The revised GENEVA risk was intermediate in 91 (58.71%) and high in 19 (12.26%) patients, with no difference between VTE associated with COVID-19 and VTE unrelated to COVID-19. Moreover, the simplified PESI was high in 84 (54.9%) patients, with no difference between the two subgroups.
Laboratory parameters at baseline did not differ between subgroups (Table 3).
Most patients in both subcategories were initially treated with low-molecular-weight heparin, followed by long-term therapy involving direct oral anticoagulants. Enoxaparin was the initial treatment used in 130 (79.6%) patients in the whole cohort (29 [96.7%] in the VTE associated with COVID-19 and 101 [79.5%] in the VTE unrelated to COVID-19 subgroups), followed by fondaparinux, which was used in 15 patients (1 [3.3%] COVID-19 patient and 14 [11%] non-COVID-19 patients, respectively), with no differences between subgroups in the choice of the first anticoagulant (p = 0.158) (Table 4).
Emergency thrombolysis was performed in three non-COVID-19 patients (2.4%) in the acute phase.
Long-term therapy was conducted with direct oral anticoagulants in 123 (78.3%) patients (25 [83.33%] in the VTE associated with COVID-19 vs. 98 [77.2%] in the VTE unrelated to COVID-19 subgroup).
The probability of remaining on anticoagulant therapy differed between groups (p = 0.003), with a significantly lower proportion of VTE associated with COVID-19 patients continuing treatment after three months (Figure 1).
The risk of bleeding, assessed by VTE BLEED score, across the time points is shown in Supplementary Table S3. The proportion of patients at low risk differed between subgroups at six months (84.2% of COVID-19 vs. 55.6% of non-COVID-19, p = 0.0298).
Trans-thoracic echocardiographic data were available for 94 (59.9%) patients at the baseline (15 COVID-19 and 79 non-COVID-19). One (6.7%) patient with VTE associated with COVID-19 compared to sixteen (20.2%) patients with VTE unrelated to COVID-19 had echocardiographic signs of pulmonary hypertension (p = 0.291) (Supplementary Table S4).

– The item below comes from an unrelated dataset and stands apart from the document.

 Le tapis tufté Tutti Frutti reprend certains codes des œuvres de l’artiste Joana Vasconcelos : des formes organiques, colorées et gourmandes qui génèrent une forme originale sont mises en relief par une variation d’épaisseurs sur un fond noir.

Three non-COVID-19 patients developed chronic thromboembolic pulmonary hypertension (CTEPH), two of them diagnosed at three months and one at six-month follow-up. All three patients underwent cardiopulmonary exercise testing, right heart catheterization, and pulmonary endarterectomy (PEA), with a subsequent net improvement in their clinical picture and quality of life.
Figure 2 shows PEA specimens.
Between 6 and 12 months, four non-COVID-19 patients experienced VTE recurrence in the form of DVT, with one case also involving PE. Five (3.2%) patients (two patients [6.7%] in the VTE associated with COVID-19 subgroup vs. three [2.4%] in the VTE unrelated to COVID-19 subgroup, p = 0.243) experienced six major hemorrhagic events, and seven (4.5%) patients (1 [3.3%] in the VTE associated with COVID-19 subgroup vs. 6 [4.7%] in the VTE unrelated to COVID-19 subgroup, p = 0.28) had nine clinically relevant non-major bleeding episodes during the study period. All hemorrhagic events occurred within the first three months.

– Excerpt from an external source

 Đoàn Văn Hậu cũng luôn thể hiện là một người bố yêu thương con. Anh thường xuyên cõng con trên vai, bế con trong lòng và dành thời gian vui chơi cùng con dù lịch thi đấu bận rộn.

Thirteen (8.3%) patients reported new hospitalization in the follow-up period, two of them because of VTE-related causes while the remaining episodes were due to non-VTE-related reasons.
There were no fatalities among patients with COVID-19, compared to a mortality of 12/127 (9.4%) in the non-COVID-19 subgroup (p = 0.027).
4. Discussion
Our study delves into the intricate realm of VTE, confirming the nuanced landscape presented by individuals with and without COVID-19. Through our investigation, we have unveiled similarities and distinctions between these two populations. Notably, the observation that pulmonary embolism predominantly occurs in COVID-19 patients without associated deep vein thrombosis aligns with the hypothesis of in situ thrombosis. This correlation is linked to the prothrombotic environment resulting from the cytokine storm induced by SARS-CoV-2, particularly at the pulmonary level.
Accumulating evidence suggests that VTE risk estimates in the COVID-19 population should be interpreted with caution. These estimates may suffer from various sources of heterogeneity, making it difficult to compare these patients even to those affected by other viral conditions, such as H1N1 influenza and SARS-CoV-1 [25]. At the core of our findings lies a delicate balance between recognizing the transient risk posed by COVID-19 and tailoring anticoagulation strategies to individual patient profiles.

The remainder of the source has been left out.